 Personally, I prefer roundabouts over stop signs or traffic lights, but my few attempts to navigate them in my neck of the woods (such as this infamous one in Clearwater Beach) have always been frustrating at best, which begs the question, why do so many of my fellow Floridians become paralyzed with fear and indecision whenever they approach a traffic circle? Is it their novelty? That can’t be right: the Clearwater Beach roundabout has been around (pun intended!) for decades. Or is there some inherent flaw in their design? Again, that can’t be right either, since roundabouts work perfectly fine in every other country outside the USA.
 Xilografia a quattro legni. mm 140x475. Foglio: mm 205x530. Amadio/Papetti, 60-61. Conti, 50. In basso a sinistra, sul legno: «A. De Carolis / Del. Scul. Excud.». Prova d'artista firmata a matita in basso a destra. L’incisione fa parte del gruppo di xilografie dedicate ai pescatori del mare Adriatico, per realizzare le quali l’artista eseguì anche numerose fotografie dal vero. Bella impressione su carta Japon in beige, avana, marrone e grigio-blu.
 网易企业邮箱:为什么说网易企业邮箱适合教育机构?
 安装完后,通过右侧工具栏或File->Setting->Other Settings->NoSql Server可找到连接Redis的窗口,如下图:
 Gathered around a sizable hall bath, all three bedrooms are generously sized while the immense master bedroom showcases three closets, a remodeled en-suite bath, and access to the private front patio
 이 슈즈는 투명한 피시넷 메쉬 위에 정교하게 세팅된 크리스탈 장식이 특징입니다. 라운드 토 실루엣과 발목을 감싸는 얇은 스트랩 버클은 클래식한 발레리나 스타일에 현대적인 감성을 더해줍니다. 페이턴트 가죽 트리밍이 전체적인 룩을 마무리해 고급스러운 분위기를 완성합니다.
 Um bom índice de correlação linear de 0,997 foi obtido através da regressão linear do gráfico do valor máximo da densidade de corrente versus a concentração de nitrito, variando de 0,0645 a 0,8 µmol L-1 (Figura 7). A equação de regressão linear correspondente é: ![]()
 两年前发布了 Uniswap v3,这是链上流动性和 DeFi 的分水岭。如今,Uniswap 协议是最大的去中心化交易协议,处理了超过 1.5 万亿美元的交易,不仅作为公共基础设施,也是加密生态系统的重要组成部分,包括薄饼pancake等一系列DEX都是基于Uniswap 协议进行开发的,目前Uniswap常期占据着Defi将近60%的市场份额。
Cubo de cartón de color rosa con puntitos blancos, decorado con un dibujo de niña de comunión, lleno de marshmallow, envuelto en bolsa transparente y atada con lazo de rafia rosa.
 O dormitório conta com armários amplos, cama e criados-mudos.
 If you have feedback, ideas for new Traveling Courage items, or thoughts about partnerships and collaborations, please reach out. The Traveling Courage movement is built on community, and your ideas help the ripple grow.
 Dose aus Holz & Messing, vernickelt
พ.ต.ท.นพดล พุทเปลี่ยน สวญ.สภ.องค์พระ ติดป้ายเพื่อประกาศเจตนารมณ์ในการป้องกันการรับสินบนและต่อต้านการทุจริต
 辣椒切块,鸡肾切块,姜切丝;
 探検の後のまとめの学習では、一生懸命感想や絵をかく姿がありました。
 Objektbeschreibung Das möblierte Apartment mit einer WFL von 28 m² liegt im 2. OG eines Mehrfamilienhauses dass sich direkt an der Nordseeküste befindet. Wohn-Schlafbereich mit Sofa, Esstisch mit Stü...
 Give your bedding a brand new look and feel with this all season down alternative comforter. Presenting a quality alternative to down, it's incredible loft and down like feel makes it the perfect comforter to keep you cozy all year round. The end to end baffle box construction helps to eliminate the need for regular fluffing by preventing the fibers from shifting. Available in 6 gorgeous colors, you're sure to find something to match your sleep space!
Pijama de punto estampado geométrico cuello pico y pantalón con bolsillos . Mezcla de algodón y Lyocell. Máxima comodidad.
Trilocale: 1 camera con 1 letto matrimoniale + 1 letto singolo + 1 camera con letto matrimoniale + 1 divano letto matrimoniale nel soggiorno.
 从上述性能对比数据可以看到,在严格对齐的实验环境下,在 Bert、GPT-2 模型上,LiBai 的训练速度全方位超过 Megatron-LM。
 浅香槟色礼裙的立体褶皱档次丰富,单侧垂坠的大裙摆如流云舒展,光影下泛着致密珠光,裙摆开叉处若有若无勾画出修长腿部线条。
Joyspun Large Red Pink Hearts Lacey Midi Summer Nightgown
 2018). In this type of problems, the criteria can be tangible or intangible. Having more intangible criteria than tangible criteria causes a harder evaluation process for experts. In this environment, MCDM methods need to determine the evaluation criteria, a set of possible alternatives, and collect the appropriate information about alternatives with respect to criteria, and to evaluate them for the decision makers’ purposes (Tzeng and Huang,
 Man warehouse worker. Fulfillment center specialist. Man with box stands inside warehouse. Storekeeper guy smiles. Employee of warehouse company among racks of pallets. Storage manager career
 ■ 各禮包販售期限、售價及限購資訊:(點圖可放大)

__What is needed__
Out of the material above, output word for word the line with "辣椒切块,鸡肾切块,姜切丝;", the line with "Pijama de punto", and all lines between them, with nothing else.

__Result of this task__
 辣椒切块,鸡肾切块,姜切丝;
 探検の後のまとめの学習では、一生懸命感想や絵をかく姿がありました。
 Objektbeschreibung Das möblierte Apartment mit einer WFL von 28 m² liegt im 2. OG eines Mehrfamilienhauses dass sich direkt an der Nordseeküste befindet. Wohn-Schlafbereich mit Sofa, Esstisch mit Stü...
 Give your bedding a brand new look and feel with this all season down alternative comforter. Presenting a quality alternative to down, it's incredible loft and down like feel makes it the perfect comforter to keep you cozy all year round. The end to end baffle box construction helps to eliminate the need for regular fluffing by preventing the fibers from shifting. Available in 6 gorgeous colors, you're sure to find something to match your sleep space!
Pijama de punto estampado geométrico cuello pico y pantalón con bolsillos . Mezcla de algodón y Lyocell. Máxima comodidad.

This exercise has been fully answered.